In response--and with one billion dollars on the line--Dole put on a full-court press both inside and outside the courtroom, lobbying Delaware officials to amend the state's appraisal statute. (103) Importantly, Dole is the Port of Wilmington's largest tenant, providing the state with steady revenues and 850 jobs, which in theory should have provided Dole with leverage. (104) Barely a month after the close of the Dole privatization, and after considering a move to Paulsboro, New Jersey, Dole signed a new fifteen-year lease with the Port of Wilmington. (105) While corresponding about the lease, Andrew Lippstone, Delaware's Governor's general counsel, wrote to Genevieve Kelly, Dole's general counsel, expressing a willingness to attempt to amend the corporate code, stating he was "[h]appy to discuss next steps at [her] convenience." (106) As the litigation continued, Dole continued to press for reforms that would prevent hedge funds from buying lawsuits by restricting appraisal rights to long-term investors only and cutting the statutory interest rate. (107) Dole even threatened reincorporation in a different state if changes were not made. (108)

Prominent defense firms, many of which also have lucrative transactional advisory practices, jumped into the fray shortly thereafter. With appraisal arbitrage creating uncertainty and, thus, a potential decline in the M&A market, the firms supported Dole's call for reform. (109) These firms constitute a powerful voice because they advise many Delaware corporations on corporate transactions, and they also play a prominent role in selecting local counsel when disputes escalate to litigation in the Chancery Court. (110) Deal lawyers at these firms rushed to publish commentary, arguing that the practice of appraisal arbitrage is not consistent with the purpose of appraisal statutes, (111) hurts long-term shareholders, (112) can lead to unrealistically high valuations, (113) and poses a threat to efficient transactions. (114) The target audience for the calls for reform was the Council, the body "responsible for formulating and recommending to the Delaware General Assembly ... amendments to the Delaware General Corporation Law." (115)

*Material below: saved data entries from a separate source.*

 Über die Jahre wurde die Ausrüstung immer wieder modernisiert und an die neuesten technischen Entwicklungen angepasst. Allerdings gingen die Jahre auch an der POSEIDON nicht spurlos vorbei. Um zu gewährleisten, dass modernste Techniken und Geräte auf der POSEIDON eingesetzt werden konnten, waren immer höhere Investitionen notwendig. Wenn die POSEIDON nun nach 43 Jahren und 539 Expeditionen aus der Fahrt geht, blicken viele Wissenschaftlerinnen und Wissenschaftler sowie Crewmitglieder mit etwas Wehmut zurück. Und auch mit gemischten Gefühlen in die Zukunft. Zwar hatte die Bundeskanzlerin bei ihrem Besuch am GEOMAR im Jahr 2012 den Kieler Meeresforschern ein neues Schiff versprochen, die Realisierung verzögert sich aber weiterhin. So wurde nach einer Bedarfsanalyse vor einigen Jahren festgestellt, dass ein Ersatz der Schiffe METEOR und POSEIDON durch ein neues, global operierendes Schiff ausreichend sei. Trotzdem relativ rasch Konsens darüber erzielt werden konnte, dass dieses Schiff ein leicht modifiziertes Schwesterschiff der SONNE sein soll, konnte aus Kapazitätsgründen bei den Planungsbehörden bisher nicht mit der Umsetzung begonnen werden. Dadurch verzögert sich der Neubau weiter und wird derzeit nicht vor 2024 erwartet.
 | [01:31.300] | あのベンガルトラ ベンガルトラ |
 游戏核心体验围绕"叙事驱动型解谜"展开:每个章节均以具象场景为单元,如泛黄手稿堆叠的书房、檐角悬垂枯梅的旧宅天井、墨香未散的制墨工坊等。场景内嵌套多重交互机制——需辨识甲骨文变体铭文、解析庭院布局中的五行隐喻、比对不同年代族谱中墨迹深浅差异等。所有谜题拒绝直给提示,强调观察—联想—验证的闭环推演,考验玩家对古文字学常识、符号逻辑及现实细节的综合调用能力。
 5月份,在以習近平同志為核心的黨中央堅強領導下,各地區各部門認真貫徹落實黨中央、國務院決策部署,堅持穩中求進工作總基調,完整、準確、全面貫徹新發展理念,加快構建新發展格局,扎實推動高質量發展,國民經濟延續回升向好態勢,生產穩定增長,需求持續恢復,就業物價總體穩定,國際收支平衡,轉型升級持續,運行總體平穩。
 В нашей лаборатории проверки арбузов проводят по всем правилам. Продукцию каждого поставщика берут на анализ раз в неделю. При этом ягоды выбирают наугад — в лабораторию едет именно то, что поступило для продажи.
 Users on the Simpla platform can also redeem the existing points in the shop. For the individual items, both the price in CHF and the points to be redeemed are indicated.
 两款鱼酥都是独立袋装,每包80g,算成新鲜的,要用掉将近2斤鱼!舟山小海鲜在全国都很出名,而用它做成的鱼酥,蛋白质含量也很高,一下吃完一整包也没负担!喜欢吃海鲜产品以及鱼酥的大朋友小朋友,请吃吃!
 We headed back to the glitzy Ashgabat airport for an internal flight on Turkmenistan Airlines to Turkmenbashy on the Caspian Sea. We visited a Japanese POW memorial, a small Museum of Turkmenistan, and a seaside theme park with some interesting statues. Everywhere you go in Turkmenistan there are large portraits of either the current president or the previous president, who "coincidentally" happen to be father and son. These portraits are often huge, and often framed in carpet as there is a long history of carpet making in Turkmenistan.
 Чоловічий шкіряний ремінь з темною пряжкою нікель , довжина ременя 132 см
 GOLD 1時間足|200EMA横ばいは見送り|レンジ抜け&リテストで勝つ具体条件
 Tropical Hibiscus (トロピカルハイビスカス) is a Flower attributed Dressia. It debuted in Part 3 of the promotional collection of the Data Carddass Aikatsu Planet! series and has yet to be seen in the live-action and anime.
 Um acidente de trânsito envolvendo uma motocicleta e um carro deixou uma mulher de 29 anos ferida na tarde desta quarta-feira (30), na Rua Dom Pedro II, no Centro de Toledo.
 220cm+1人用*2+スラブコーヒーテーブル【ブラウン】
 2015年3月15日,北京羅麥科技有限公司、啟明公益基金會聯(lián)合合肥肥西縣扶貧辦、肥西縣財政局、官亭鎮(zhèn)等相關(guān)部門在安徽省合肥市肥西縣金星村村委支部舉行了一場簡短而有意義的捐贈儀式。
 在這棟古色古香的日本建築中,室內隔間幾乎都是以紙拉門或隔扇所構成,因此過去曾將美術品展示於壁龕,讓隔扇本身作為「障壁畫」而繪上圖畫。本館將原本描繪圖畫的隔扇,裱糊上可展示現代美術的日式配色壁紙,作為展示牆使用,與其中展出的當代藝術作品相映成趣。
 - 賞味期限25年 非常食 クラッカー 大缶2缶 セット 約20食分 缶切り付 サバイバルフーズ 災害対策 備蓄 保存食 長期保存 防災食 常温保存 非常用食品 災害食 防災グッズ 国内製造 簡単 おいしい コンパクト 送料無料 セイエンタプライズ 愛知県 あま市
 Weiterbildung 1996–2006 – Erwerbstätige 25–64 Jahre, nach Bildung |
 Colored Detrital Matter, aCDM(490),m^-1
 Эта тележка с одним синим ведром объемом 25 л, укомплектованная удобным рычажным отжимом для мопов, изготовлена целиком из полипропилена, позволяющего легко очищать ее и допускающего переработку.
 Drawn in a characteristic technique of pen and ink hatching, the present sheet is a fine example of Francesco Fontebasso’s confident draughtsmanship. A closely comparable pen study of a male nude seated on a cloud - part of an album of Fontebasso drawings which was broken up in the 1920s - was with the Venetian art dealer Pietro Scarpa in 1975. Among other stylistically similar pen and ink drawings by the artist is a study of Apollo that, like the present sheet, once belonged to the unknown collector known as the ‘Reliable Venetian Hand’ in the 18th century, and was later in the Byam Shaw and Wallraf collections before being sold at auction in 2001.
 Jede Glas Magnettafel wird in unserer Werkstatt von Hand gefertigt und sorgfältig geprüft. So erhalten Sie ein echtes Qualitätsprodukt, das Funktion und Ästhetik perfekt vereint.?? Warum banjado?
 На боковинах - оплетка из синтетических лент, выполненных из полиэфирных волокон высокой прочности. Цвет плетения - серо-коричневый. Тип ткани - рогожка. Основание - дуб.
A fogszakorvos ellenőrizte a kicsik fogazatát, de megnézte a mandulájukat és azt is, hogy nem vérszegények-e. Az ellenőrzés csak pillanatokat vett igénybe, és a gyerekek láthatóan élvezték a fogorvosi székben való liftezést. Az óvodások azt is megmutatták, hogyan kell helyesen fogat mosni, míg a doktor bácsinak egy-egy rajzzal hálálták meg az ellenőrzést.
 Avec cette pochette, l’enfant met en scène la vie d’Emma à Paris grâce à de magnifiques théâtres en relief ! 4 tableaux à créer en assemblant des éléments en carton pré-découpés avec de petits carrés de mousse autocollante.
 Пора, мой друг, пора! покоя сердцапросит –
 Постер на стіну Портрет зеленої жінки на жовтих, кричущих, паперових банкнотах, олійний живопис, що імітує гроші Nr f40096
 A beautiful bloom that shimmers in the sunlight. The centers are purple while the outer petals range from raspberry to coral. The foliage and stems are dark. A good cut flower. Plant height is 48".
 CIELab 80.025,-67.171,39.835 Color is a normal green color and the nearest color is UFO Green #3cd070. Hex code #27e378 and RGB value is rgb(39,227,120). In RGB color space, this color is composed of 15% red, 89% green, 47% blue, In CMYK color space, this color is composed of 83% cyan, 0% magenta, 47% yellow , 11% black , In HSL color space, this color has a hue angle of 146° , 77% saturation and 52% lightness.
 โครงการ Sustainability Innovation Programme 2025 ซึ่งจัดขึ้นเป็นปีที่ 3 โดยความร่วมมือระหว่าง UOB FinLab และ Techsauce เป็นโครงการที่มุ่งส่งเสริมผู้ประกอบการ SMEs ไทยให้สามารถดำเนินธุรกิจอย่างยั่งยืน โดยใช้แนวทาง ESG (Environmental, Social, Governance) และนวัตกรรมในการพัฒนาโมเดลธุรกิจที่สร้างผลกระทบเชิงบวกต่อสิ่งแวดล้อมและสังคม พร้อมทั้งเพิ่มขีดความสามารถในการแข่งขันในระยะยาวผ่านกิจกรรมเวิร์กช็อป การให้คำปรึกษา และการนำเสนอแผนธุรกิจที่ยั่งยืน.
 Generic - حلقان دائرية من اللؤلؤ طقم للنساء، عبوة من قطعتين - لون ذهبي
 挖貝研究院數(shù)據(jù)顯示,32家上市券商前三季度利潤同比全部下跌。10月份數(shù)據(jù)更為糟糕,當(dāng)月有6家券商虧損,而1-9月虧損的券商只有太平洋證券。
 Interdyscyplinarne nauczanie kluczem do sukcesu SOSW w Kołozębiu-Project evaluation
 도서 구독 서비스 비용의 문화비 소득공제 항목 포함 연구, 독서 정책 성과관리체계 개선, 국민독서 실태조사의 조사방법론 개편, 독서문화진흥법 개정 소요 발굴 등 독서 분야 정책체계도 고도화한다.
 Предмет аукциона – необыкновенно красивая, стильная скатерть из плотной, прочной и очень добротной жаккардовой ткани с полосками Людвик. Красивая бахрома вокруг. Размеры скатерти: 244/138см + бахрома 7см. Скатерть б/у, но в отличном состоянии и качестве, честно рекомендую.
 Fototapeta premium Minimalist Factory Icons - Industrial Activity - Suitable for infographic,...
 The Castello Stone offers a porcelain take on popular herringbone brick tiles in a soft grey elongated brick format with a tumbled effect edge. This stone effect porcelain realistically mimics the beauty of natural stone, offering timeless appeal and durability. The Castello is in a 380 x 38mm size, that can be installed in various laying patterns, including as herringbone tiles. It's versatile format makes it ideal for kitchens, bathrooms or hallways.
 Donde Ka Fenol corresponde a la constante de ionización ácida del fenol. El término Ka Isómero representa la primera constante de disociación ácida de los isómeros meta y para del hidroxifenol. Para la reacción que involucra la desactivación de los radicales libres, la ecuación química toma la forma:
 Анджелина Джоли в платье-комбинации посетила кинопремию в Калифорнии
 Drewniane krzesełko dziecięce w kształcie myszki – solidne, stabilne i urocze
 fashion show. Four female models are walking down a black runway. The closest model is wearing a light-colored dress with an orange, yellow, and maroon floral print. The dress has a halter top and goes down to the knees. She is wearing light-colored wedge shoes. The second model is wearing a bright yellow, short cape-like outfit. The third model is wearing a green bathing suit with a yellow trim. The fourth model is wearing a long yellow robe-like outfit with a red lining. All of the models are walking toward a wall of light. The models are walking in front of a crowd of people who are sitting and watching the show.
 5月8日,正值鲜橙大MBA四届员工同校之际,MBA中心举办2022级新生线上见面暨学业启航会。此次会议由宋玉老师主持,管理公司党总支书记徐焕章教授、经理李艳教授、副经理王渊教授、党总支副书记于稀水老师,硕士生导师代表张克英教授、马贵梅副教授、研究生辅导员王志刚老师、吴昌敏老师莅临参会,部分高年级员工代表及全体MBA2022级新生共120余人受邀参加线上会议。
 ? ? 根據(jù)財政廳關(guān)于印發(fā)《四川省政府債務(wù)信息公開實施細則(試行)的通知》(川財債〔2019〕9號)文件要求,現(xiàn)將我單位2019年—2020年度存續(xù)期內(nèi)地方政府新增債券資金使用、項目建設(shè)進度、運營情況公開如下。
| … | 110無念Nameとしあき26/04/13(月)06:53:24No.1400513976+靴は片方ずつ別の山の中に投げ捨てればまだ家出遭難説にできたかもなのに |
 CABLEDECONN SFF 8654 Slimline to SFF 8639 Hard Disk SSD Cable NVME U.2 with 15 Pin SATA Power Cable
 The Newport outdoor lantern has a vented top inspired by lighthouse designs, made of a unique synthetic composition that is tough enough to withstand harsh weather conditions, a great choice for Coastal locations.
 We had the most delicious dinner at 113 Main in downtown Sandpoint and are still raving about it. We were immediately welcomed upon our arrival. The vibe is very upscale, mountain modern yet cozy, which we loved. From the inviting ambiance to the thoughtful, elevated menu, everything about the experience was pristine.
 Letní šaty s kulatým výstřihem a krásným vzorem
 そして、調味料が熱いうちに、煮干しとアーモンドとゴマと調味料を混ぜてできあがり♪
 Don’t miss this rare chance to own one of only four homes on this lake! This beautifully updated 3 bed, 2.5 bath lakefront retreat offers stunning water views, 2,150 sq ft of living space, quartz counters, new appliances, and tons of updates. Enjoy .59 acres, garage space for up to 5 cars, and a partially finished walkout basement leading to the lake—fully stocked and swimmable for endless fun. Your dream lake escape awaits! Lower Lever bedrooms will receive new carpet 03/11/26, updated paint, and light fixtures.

When the Council issued its proposed amendments in the spring of 2015, advocates for reform were underwhelmed. The Council suggested two amendments, neither of which went as far as the defense-side law firms wanted. (116) First, the Council suggested a de minimis requirement in order to eliminate nuisance suits: the shareholders seeking appraisal would have to collectively hold at least one percent of total shares outstanding or one million dollars' worth of shares. (117) Second, the Council proposed a provision intended to offset the potential economic incentives of the statutory interest rate:

   [A]t any time before the court enters judgment in an appraisal
   action, the company surviving the merger can pay to each
   stockholder seeking appraisal rights an amount of cash, with
   interest continuing to accrue only on the amount that is the
   difference between that cash payment and the court's ultimate
   award. (118)

In response to this perceived failure to act, seven prominent law firms sent a letter directly to the Council expressing their disappointment over the limited scope of the proposed amendments and advocating for further reform. (119) In the letter, the firms expressed their view that "the proposed legislation [did] not adequately respond to the current circumstance in which decisions of the Delaware courts have opened the door to what has come to be called 'appraisal arbitrage.'" (120) Quoting a passage from Transkaryotic, the firms argued that the practice of appraisal arbitrage perverts the true purpose of the statutory appraisal right. (121) The firms suggested amending the statute such that appraisal rights would only be available to those holding shares before the record date for the merger vote. (122) This solution would remove the "free option" (123) that appraisal arbitrageurs have when deciding to buy into a lawsuit and restrict the ability to resort to appraisal.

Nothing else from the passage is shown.